Scanning files takes hours over FTP - any ideas?

Discuss new features and functions
Posts: 4
Joined: 25 Oct 2023

RedyAu

Hi!

I have a scheduled backup from my computer to my server over FTP.
Now that my files are synchronized, the actual incremental uploaded data is negligable. However, because millions of files are selected, it takes hours to scan the remote drive even with multiple threads.

The only way I see around this is if the remote server is asked to scan and provide the directory tree with the necessary info (size, modified date). Is there a feature in the FTP spec that could be used but isn't currently? I'd guess not, but maybe...

Considering this is most likely out-of-scope for FFS, can you recommend me software that wouldn't struggle with this task (syncing millions of files with minimal changes)?

If not, I'll consider making a script for both the client and server that establish what needs to be synced and make and execute an FFS batch job based on the results...
Posts: 944
Joined: 8 May 2006

therube

(Not sure that FTP has any bearing on the issue, particularly.)

Might be a case where Resetting archive attribute on copied files could be of benefit (if it existed).

If after a sync (& I guess, an Update-like sync at that), the archive attribute is reset.

Then on the next scan, any source files where the archive attribute is not set... - is that going to matter, actually? I guess it would, as only the particular directories where on the source attribute is set, only those corresponding directories on the target need be scanned.

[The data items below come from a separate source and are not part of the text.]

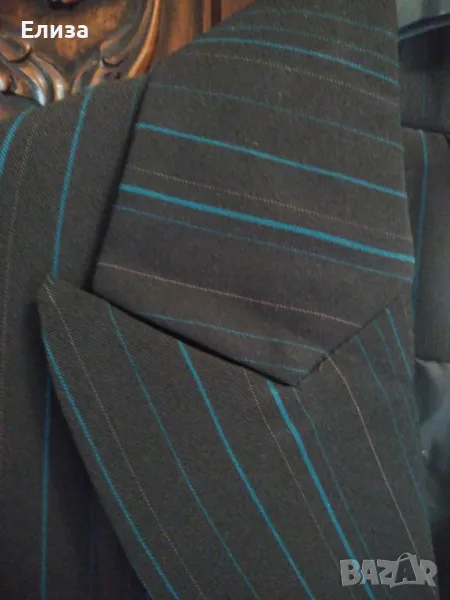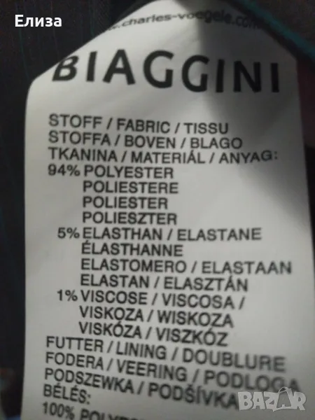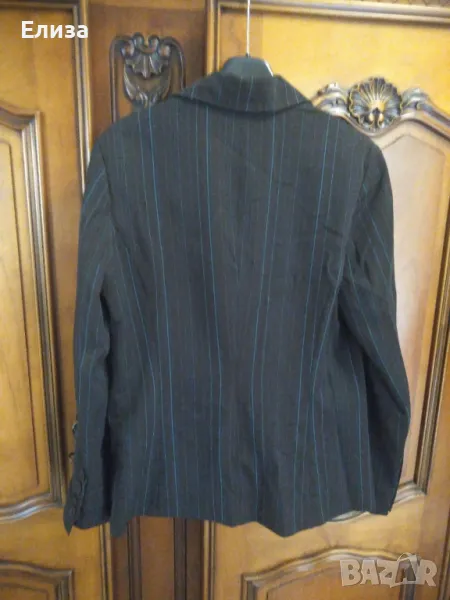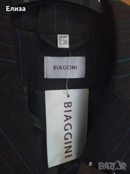 Дамско сако BIAGGINI. Цвят: кафяв на сини райета. Състав: външна част - 94% полиестер, 5% еластан и 1% вискоза; хастар - 100% полиестер. Ново с етикет.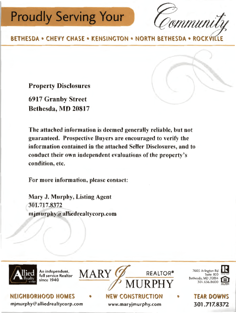 Proudly Serving YourProperty Disclosures 6917 Granby Street Bethesda, MD 20817 The attached information is deemed generally reliable, but not guaranteed. Prospective Buyers are encouraged to verify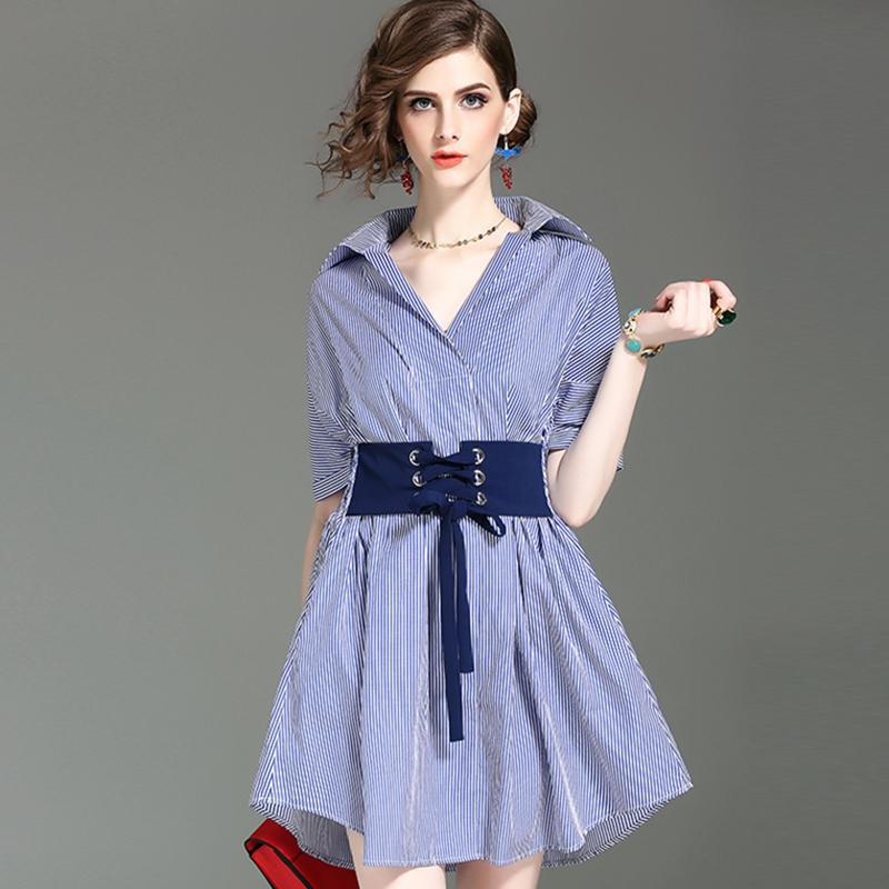 应该说这款衬衫连衣裙很有女人味,采用V领的设计,袖子采用的是喇叭袖,对胳膊有修饰的效果,腰间系带的设计,既别致又能凸显腰线,竖条纹加上蓬蓬的裙摆显瘦效果非常好。

(And assuming you didn't have millions of files in a single directory...)
Posts: 4
Joined: 25 Oct 2023

RedyAu

An archive flag doesn't solve the case where I remove files from my machine and I need them removed (or just moved to version history) on the remote server... But yes, a local "previous-state" database would help with this.
I guess this can be implemented quite easily in an outside script that does a full directory tree check itself, saves it, compares it to the previous state, and generates an FFS batch file with the correct filter. Might give it a go if I have the time at some point.
Yeah, the only bearing FTP has is it's quite slow. On a home SAMBA connection this wouldn't be much of an issue.

LeoW

Is the remote server Linux or Unix?

If so, it likely has SSH installed and if that's installed the server also supports SFTP if you can get somebody in administration to give you permission to use it. It might be a little bit better but I'm not sure. worth investigating.

Do you have access to the server console? If so you can run on your client and on the server a testing app called iperf. It tests the bandwidth between two computers and can run on Linux or Windows I don't know about Mac. Perhaps there is a speed issue that you need to resolve for the connection between the two computers. This will let you know one way or the other.
Posts: 4
Joined: 25 Oct 2023

RedyAu

The "server" is just an old office PC running normal consumer Windows 10 😅
I have a FileZilla FTP over TLS server on it.
The fundamental bottleneck is that every single folder needs a separate listing command, there isn't much you can improve about that, I believe.

Image

The hash computing script is coming along however. My plan is for it to generate an "Allow filter" with the most specific folders that need to be synced possible.
Posts: 4
Joined: 25 Oct 2023

RedyAu

Got the script working as far as I need it.
If anybody needs the same and finds this thread, here it is: https://github.com/RedyAu/ffs_hashgen/tree/main/bin

The .exe file is a Windows executable, beside the Dart source code. Might I add, that this is a very very sketchy way to download an executable, so I wouldn't trust this link myself :D Use caution.